C'est cette menace qu'il faut déterminer quand on est précisément dans l'indéterminable. «C'est toute la difficulté. Les juges discutent, examinent les faits qui leur sont exposés par le rapporteur et par les requérants. Ils cherchent une cohérence interne, avec le moins de variations possibles dans le récit, et une cohérence externe, c'est-à-dire avec le contexte géopolitique», observe l'ex-juge avec l'œil du sociologue.

Un bout de dialogue permet de mesurer l'écart qui sépare les juges des requérants, assistés d'une traductrice et d'un avocat qui la plupart du temps découvre le dossier. La présidente s'agace, elle ne comprend pas pourquoi le couple n'a pas fait confiance à des fonctionnaires de l'Ofpra croisés dans un camp de réfugiés en Jordanie : «Mais enfin les représentants de l'Ofpra sont dignes de confiance.» Elle pose une égalité : fonctionnaire - honnête - bienveillant qui échappe totalement à ses interlocuteurs. «Mais pourquoi ont-ils menti à l'Ofpra ?» insiste la magistrate en s'adressant à l'avocat. Mentir, dire la vérité… Personne n'a de réponse.

Sans regarder sa montre

Croire à l'incroyable tente d'apporter une explication académique à ce jeu de l'impossible quête de vérité. Vers la fin de l'ouvrage, Laacher écrit une phrase presque désespérante : «Il m'importe peu de dénombrer les vrais que l'on pourrait aisément distinguer des faux réfugiés. J'en suis incapable, et, en réalité, je peux l'affirmer sans risque d'erreur, personne ne le sait.»

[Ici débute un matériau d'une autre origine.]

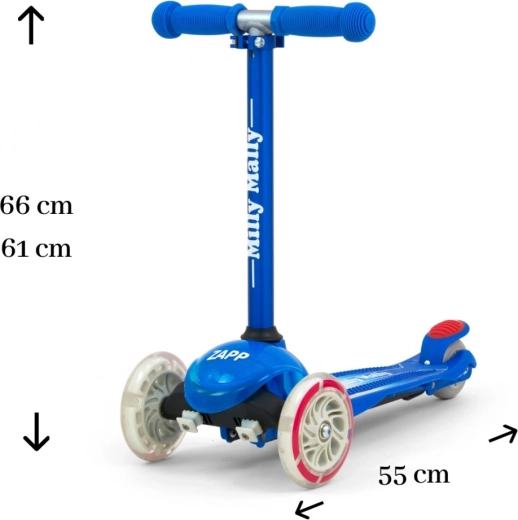 Dětská koloběžka Zapp Milly Mally je navržena s ohledem na potřeby dětí. Díky hliníkovému vyjímatelnému řídítku je mimořádně lehká. Antiskluzové rukojeti s ochrannými kryty chrání ruce malého cestovatele, a podstavec pokrytý speciálním antiskluzovým povlakem zajišťuje lepší přilnavost. Díky těmto funkcím se dítě bude správně a rychle rozvíjet, přičemž si užije velkou dávku zábavy.
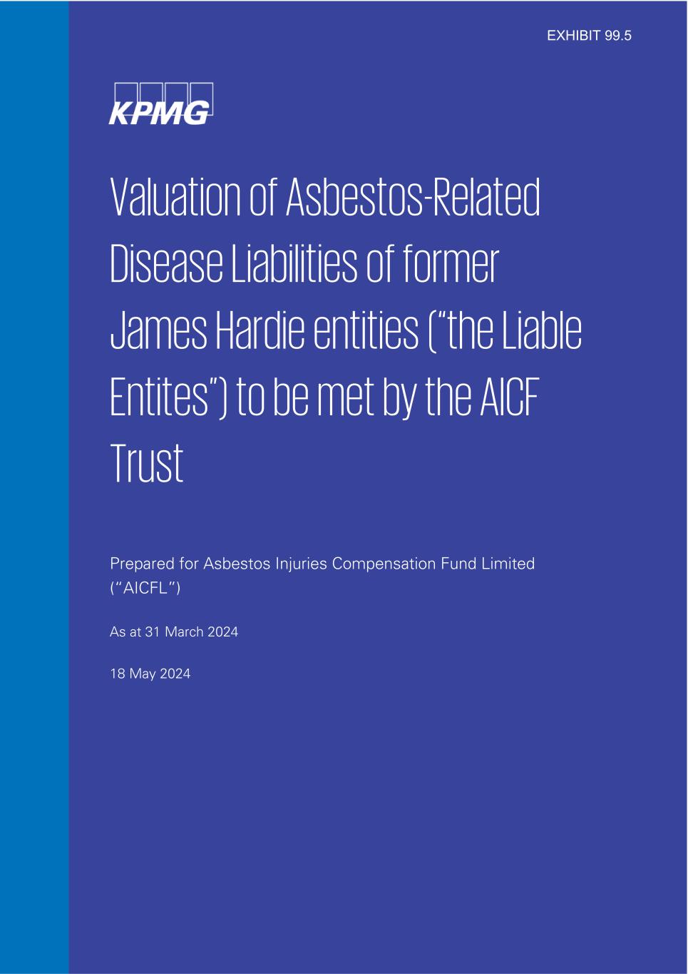 Valuation of Asbestos-Related Disease Liabilities of former James Hardie entities (“the Liable Entites”) to be met by the AICF Trust Prepared for Asbestos Injuries Compensation Fund Limited (“AICFL”) As at 31 March 2024 18 May 2024 EXHIBIT 99.5
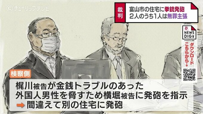 検察は、梶川被告が金銭トラブルのあった外国人男性を脅すために横堀被告に発砲を指示、横堀被告が間違えて別の住宅に発砲したと主張していて、発砲について共謀があったかどうかが争点となります。
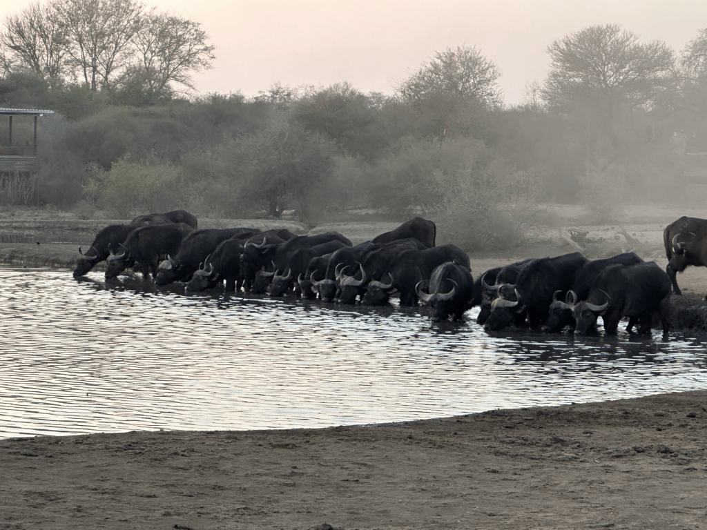 Picture caption: Grey heron at dawnPicture caption: Buffalo at dawn at the watering holePicture caption: watering hole at dawnPicture caption: grey heron on the lake at dawnPicture caption: Giraffe mother and baby at dawnPicture caption: A herd of buffalo at dawn
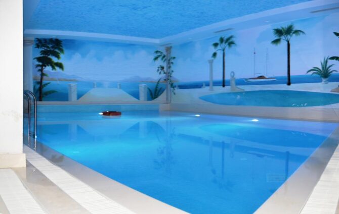 Функционируют два открытых бассейна, две водные горки, которые функционируют только летом. Зимой можно поплавать в крытом бассейне без подогрева, его площадь составляет 70 кв. м.
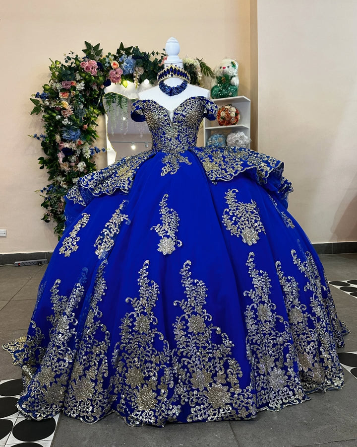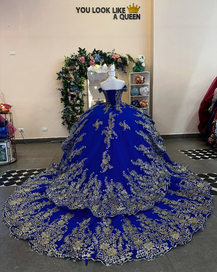 Description: Indulge in royalty with our WQ1423 ball gown dress. Off-shoulder and sleeveless, it features intricate gold appliques on a stunning royal blue satin fabric. Perfect for Quinceañera, formal events, and sweet 16 parties. Experience elegance and style in our exquisite design.
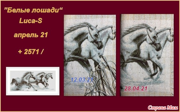 Основной мой процесс - "Белые лошади" от Luca-S продвинулся очень хорошо - почти закончила последнюю лошадку и стало много белого фона. А он вышивается очень легко, но не скучно за счет того, что гобеленовый стежок по разному вышивается при проходе вправо и влево.
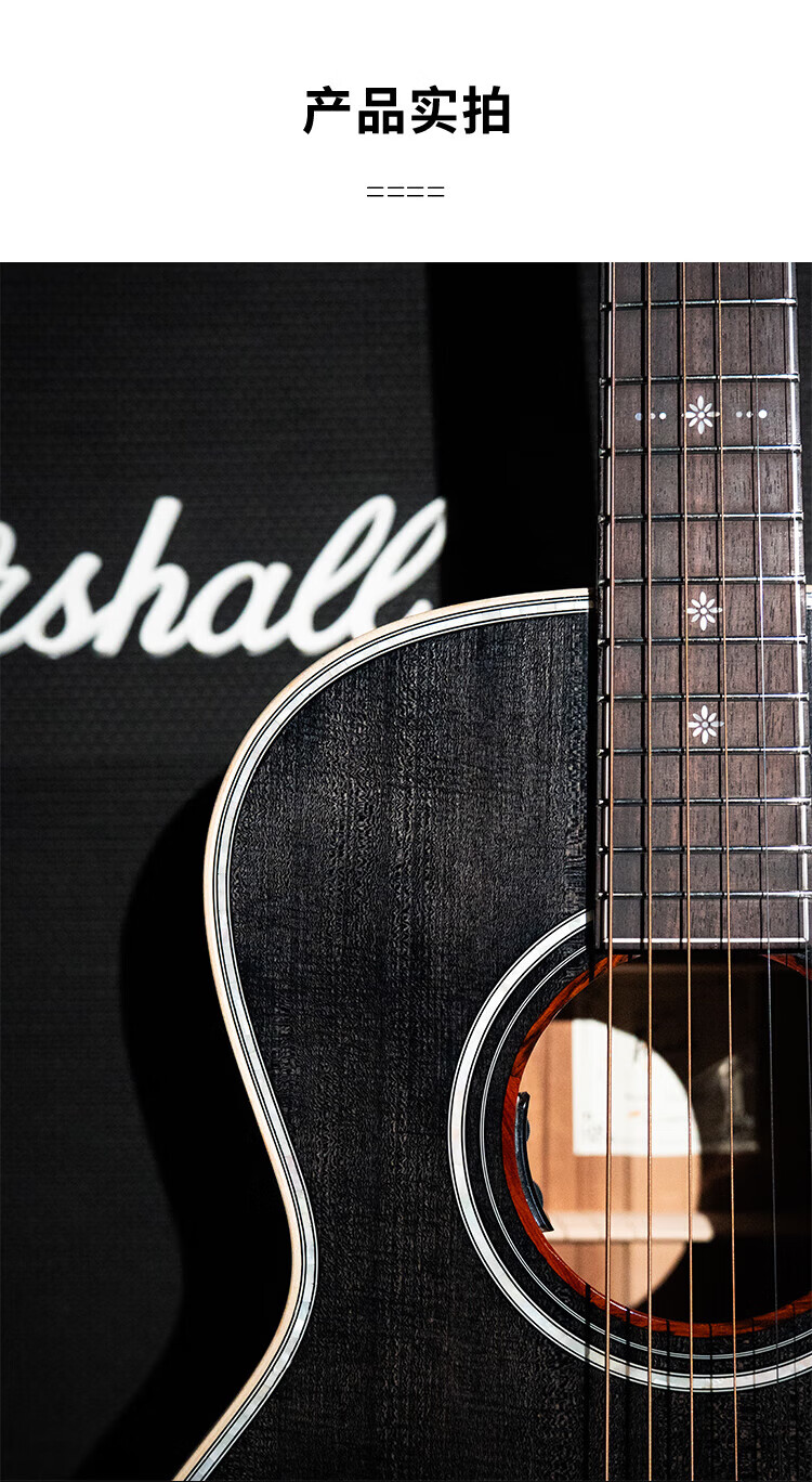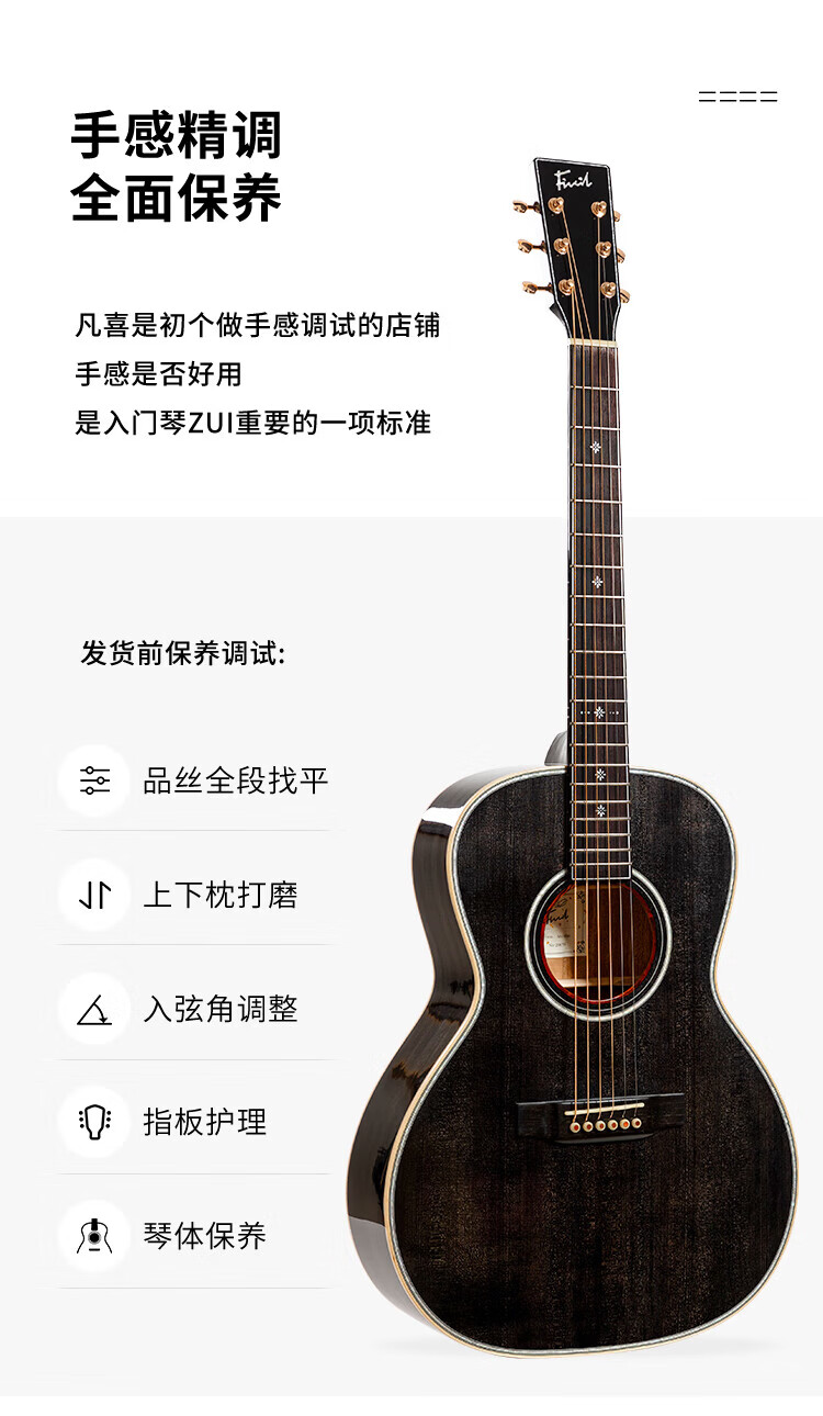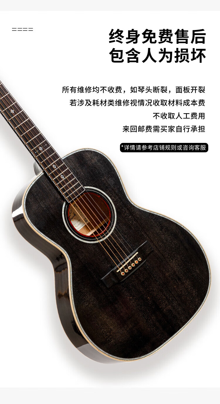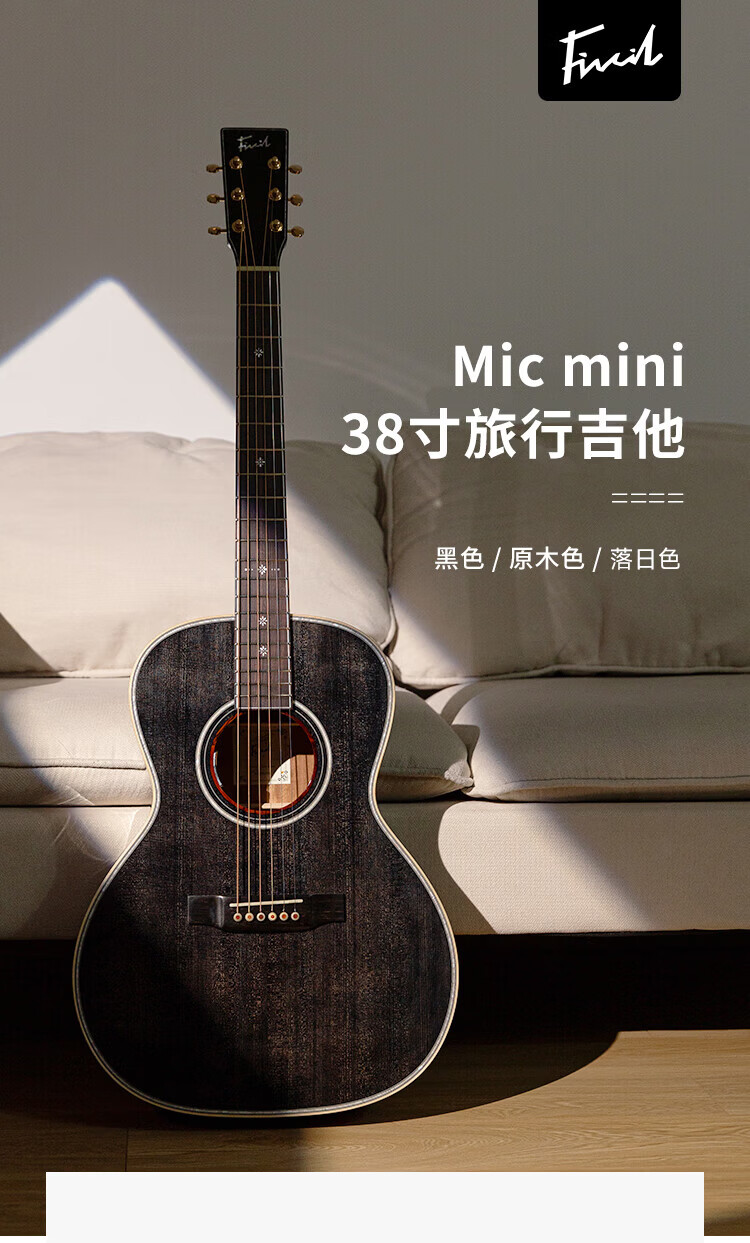 Fanxi singer's same style Uncle Wu's guitar Mic mini complete single beginner advanced performance folk acoustic guitar 38 inches gloss-black

On est là au cœur de la cour des miracles définie comme un espace dans lequel la vérité du jour disparaît avec la nuit. Smaïn Laacher tente une dernière définition : «Il faut essayer d'être juste, en sachant que ça n'a pas grand sens. Faire semblant que "ça va marcher", en sachant que "ça ne marchera pas", sans regarder sa montre.»